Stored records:

▽

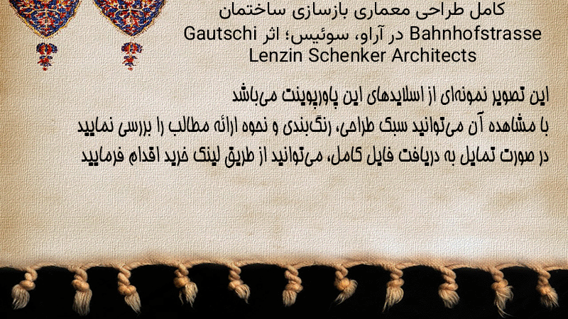 پاورپوینت کامل طراحی معماری بازسازی ساختمان Bahnhofstrasse در آراو، سوئیس؛ اثر Gautschi Lenzin Schenker Architects
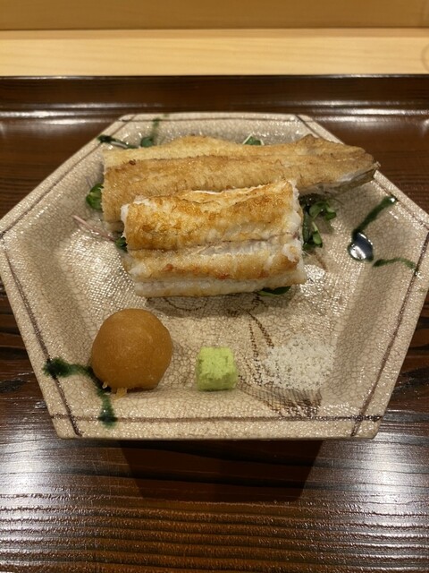 お刺身は、肉で言うシャトーブリアンの部位なんだって、1匹のハモから少ししか取れない、骨のない希少な部位で、なめらかで柔らかくて、とても美味しかった。
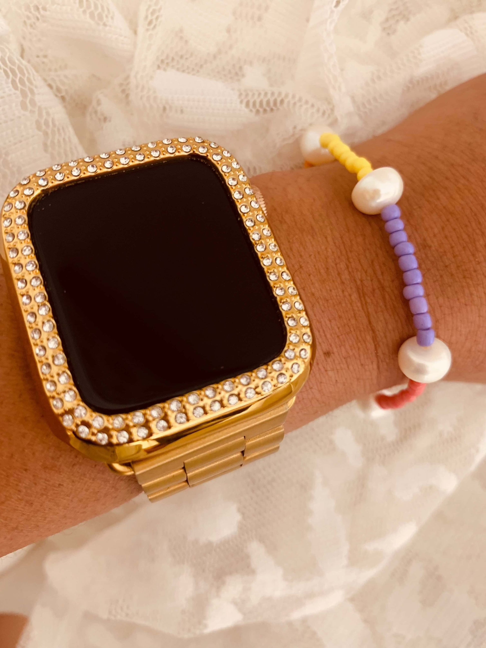 Hermoso brazalete elaborado a mano con perlas cultivada y color glass beads. Elástico
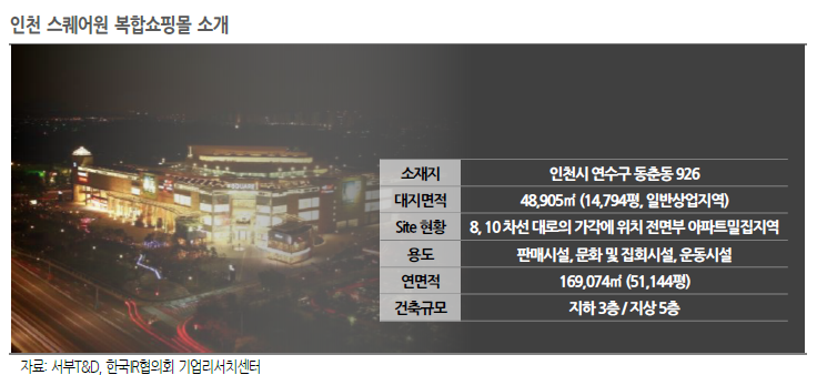 - 서부T&D는 2012년 스퀘어원(인천시 연수구 청능대로 210)이라는 복합쇼핑몰을 오픈하여 운영 중 스퀘어원은 연수신도시, 송도국제도시, 논현신도시, 남동공단 등 약 50만명의 배후 인구를 보유하고 있어 입지가 뛰어남
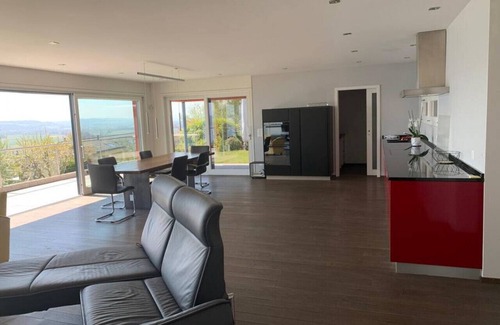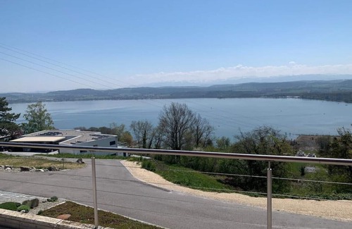 Beautiful villa with a breathtaking view of Lake Murten. The villa is located in a very quiet area and has two bedrooms. It is ideal for a relaxing stay or for holiday. The house is situated in a dead end street. This ensures that there is no traffic noise. On the other hand, this makes access by public transport very difficult. It is therefore recommended that guests have their own vehicle for the stay.
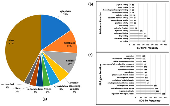 Gene ontology (GO) analysis of the sperm capacitation phosphoproteome. The top 15 selected significant GO slim categories (p-value < 0.05) and the ranked frequencies of GO slim categories within the (a) cellular component, (b) molecular function, and (c) biological process gene ontologies are shown. The analyzed phosphoprotein datasets came from all datasets for the three capacitation times (0, 60, and 90 min).
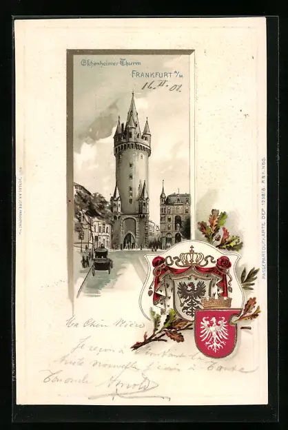 Passepartout-Lithographie Frankfurt /Main, Strassenpartie am Eschenheimer Thurm, Wappen
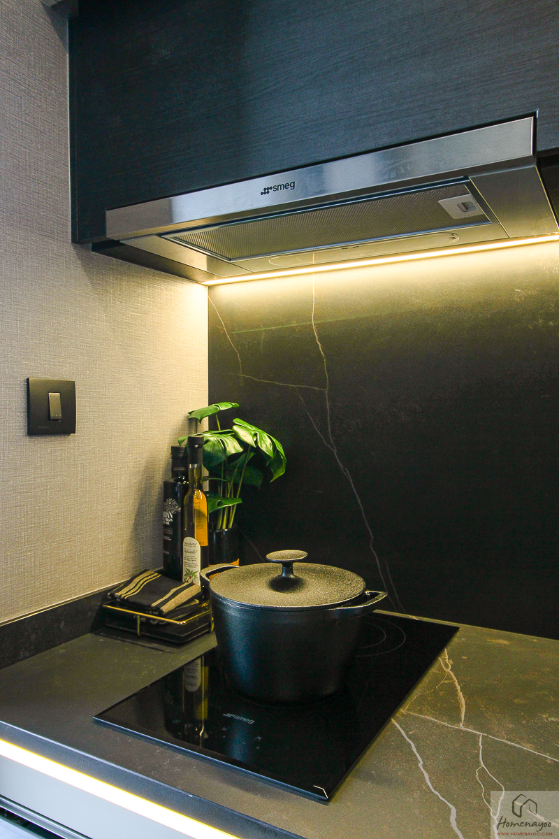 ส่วนเตาจะได้เป็นเตาไฟฟ้าแบบ 4 หัว พร้อมเครื่องดูดควันของ Smeg ด้านข้างเตาไฟฟ้ามีพื้นที่ว่างมาให้ เวลาประกอบอาหารสะดวกดีค่ะ เพราะมีที่พักหม้อพักกระทะ หรือวางวัตถุดิบด้านข้างมาให้แบบนี้
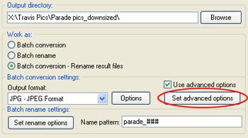 To do this please make your settings the same as the ones in the picture to the right. Do not, however, make your output directory the same. You may also change the "Name Pattern" box to "picturename_###". For example say your pictures were taken at a recent parade. You would then want to enter something like "parade_###". After you have entered each of these settings correctly select "Set advanced options".
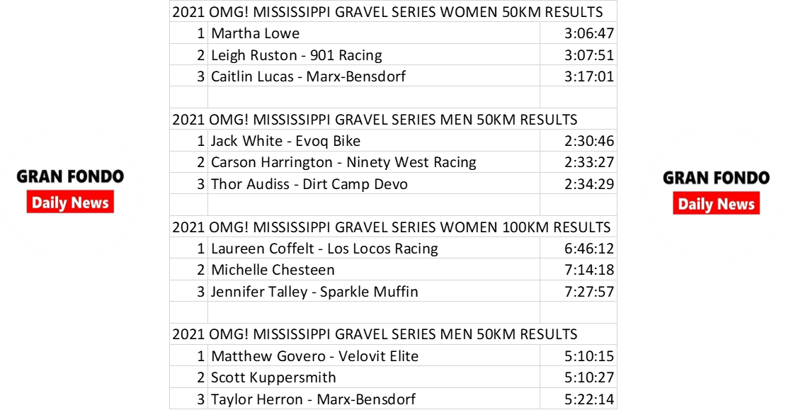Gravel riders from all across Mississippi and from states as far away as Iowa and Colorado traveled to Oxford to race 100, 50 or 25 miles on fast hard pack dirt roads.
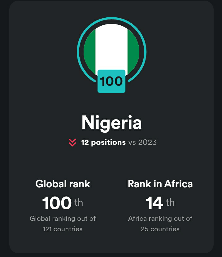 Nigeria has fallen to 100th place in the 2024 Digital Quality of Life (DQL) Index by cybersecurity firm Surfshark. This decline is notable, considering the country ranked 86th in 2022 and 88th in 2023. Nigeria is now 14th out of 25 countries in Africa, trailing behind South Africa at 66th and Kenya at 89th globally.
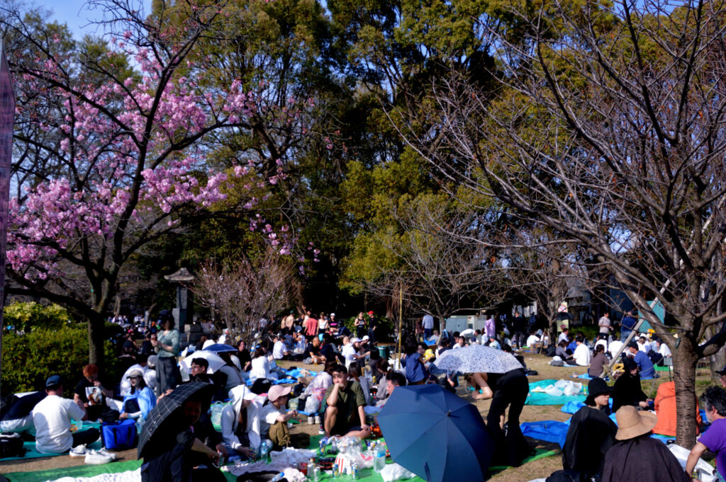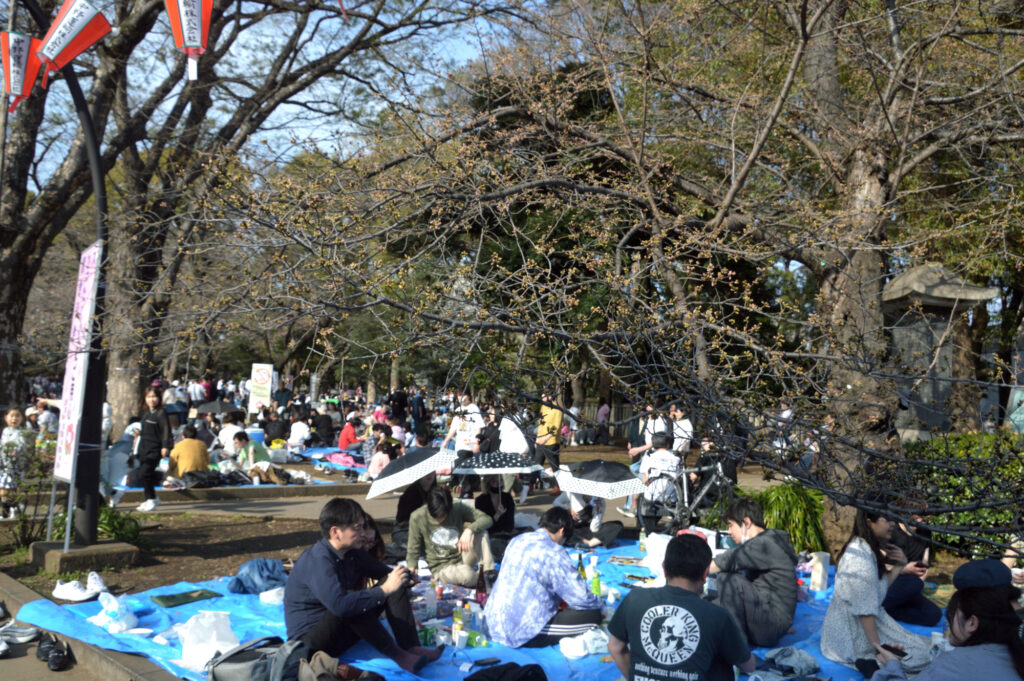 上野 清水観音堂横のひろば 桜は陽光のみ咲いてるが花見客はこの通り
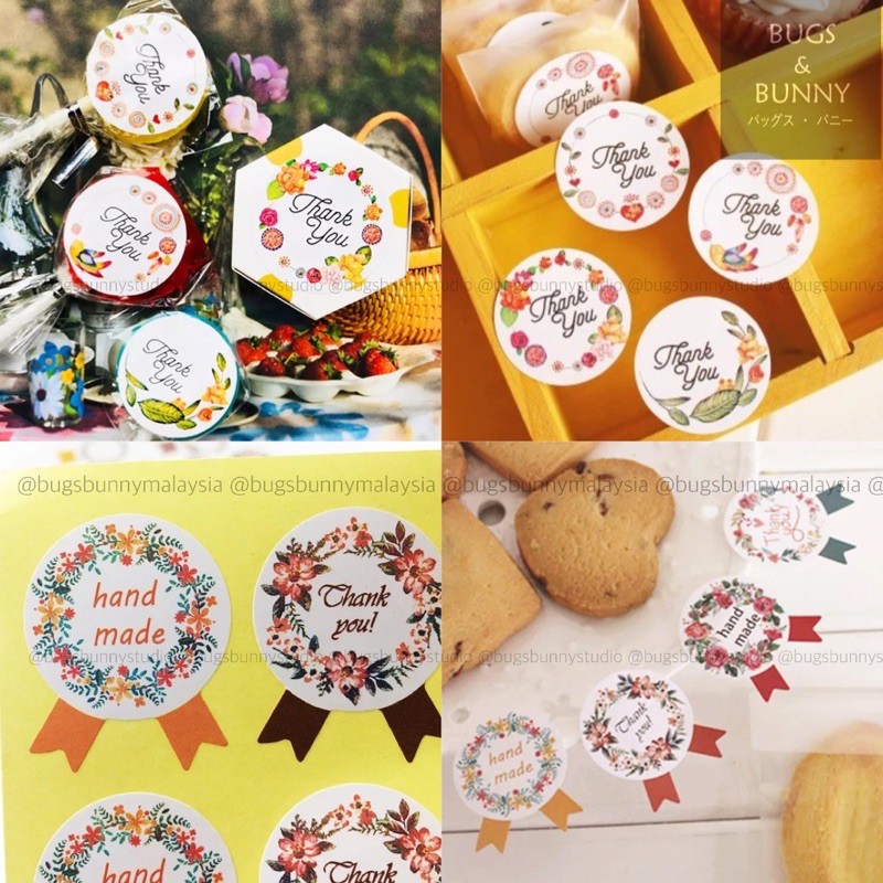 60pcs Thank You Sticker Terima Kasih Handmade Sticker Seal Label Sticker Dapur Sticker Kereta Stiker Nama

△

Copy the lines above exactly, starting with the line that contains "ส่วนเตาจะได้เป็นเตาไฟฟ้าแบบ 4 หัว" and ending with the line that contains "To do this please", and leave out any pictures.

 ส่วนเตาจะได้เป็นเตาไฟฟ้าแบบ 4 หัว พร้อมเครื่องดูดควันของ Smeg ด้านข้างเตาไฟฟ้ามีพื้นที่ว่างมาให้ เวลาประกอบอาหารสะดวกดีค่ะ เพราะมีที่พักหม้อพักกระทะ หรือวางวัตถุดิบด้านข้างมาให้แบบนี้
 To do this please make your settings the same as the ones in the picture to the right. Do not, however, make your output directory the same. You may also change the "Name Pattern" box to "picturename_###". For example say your pictures were taken at a recent parade. You would then want to enter something like "parade_###". After you have entered each of these settings correctly select "Set advanced options".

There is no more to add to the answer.